━━━ Source information

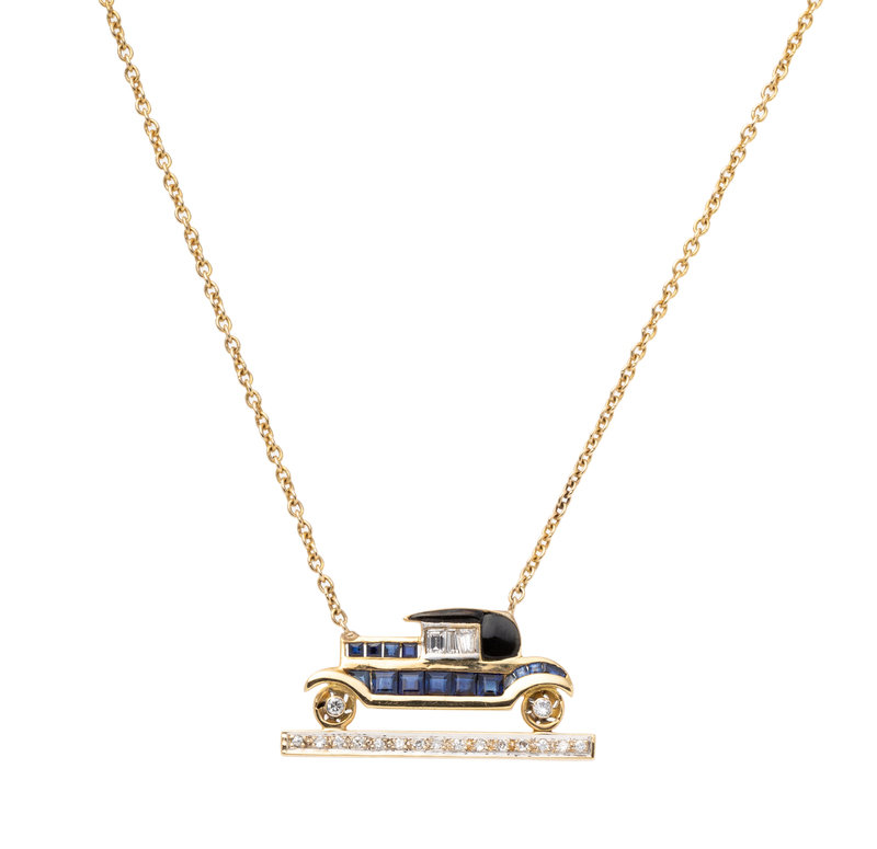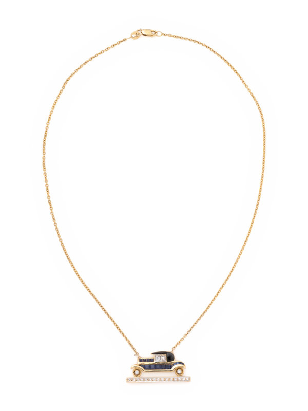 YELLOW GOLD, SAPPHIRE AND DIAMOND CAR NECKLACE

━━━━━━
━━━ Source information

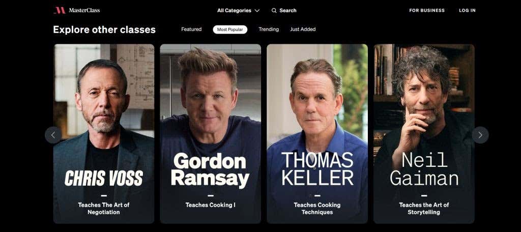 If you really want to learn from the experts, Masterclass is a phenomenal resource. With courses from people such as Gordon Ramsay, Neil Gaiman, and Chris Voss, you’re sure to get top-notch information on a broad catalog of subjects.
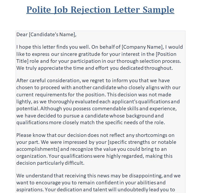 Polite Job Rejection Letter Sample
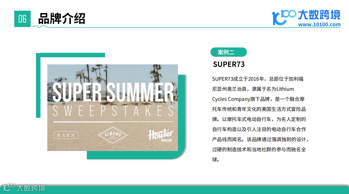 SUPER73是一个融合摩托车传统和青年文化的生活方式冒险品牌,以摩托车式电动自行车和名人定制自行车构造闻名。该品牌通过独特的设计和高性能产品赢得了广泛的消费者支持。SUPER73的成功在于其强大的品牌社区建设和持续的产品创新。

━━━━━━
━━━ Source information

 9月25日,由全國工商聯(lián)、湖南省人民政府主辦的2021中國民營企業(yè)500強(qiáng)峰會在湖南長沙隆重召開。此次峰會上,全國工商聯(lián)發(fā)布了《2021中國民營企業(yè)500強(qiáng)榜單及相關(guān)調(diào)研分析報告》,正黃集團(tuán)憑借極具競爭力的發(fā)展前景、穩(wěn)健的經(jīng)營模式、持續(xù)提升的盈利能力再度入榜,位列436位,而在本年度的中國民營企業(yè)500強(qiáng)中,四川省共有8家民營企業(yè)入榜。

━━━━━━

▶ [Task details]
Repeat, word for word, the lines of the material above from the one holding "Polite Job Rejection Letter Sample" through the one holding "SUPER73是一个融合摩托". Leave out pictures.

▶ [Solution for this task]
 Polite Job Rejection Letter Sample
 SUPER73是一个融合摩托车传统和青年文化的生活方式冒险品牌,以摩托车式电动自行车和名人定制自行车构造闻名。该品牌通过独特的设计和高性能产品赢得了广泛的消费者支持。SUPER73的成功在于其强大的品牌社区建设和持续的产品创新。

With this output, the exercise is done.